In the past half year, since I work in Wise (a company which I believe share these values with Netflix) one of my greatest challenges was to improve this ability of right judgement.
Principle-driven judgement
One mistake I make frequently is to make (professional) decisions based on some “principles”. Here under the term “principle” I mean such mantras we never question. For example, one of my mantras was:
No one should do a task manually which can be automated.
Based on this mantra I put effort in various automation side-projects in the past years, and often I think I could help people to make their work more enjoyable, and even make my teams more efficient.
Still, this “rule” is not always right. There are some tasks which could, but never should be automated. For example because they are simple, and the automation would be so expensive, or because the executions takes place really rare, and the automation should be maintained before each of them.
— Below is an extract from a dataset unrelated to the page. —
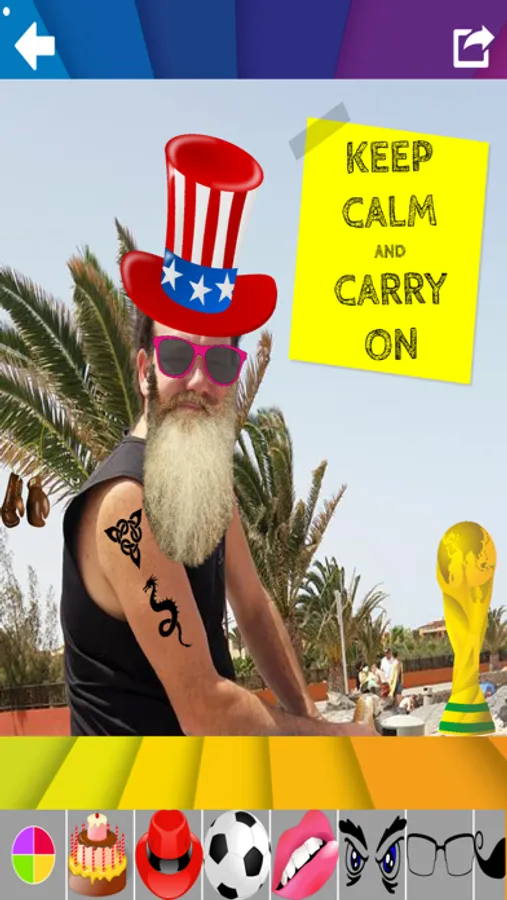 The sticker collection includes Xmas items, hats, sports props, mouths, eyes, glasses, moustaches, beards, masks, shirts, skirts, halloween stickers, tattoos, badges, quotes and frames!

Other examples of such mantras could be:
- Your code should have 100% test coverage
- You should log the state of your application extensively
- You should have a useful documentation of your APIs
- You should always test your changes before going to production
- Etc.
Outcome-driven judgement
What I want to achieve is an approach where I always estimate the expected outcome of an action, or a decision before I would do anything. This estimation should be as concrete as possible.
Saying something like:
I want to improve our CI/CD pipeline because it will improve engineering experience in our team
isn’t enough. How will it improve the engineering experience? Will it save us some time? Will it make our process more robust? Ideally, the impact should be measurable.
One of the advantages of this approach is that based on the estimated impact you can even compare different initiatives in terms of their “usefulness”.
Turning down on an initiative
Above I said:
There are some tasks which could, but never should be automated.
But actually some decisions can be even trickier: there are some tasks which could, and also should be automated. Its just not so important because the expected outcome won’t be high.
For me sometimes it has been hard to turn down on some of my initiatives, which I was excited about, but it just turned out to be not so important. But now I see that its not like:
Choosing not to do something
its much more like:
Choosing to do something more impactful over what you are working on right now
A good technique could be to keep a prioritised list of possible initiatives, so that the list can be a “reference” to compare other initiatives against.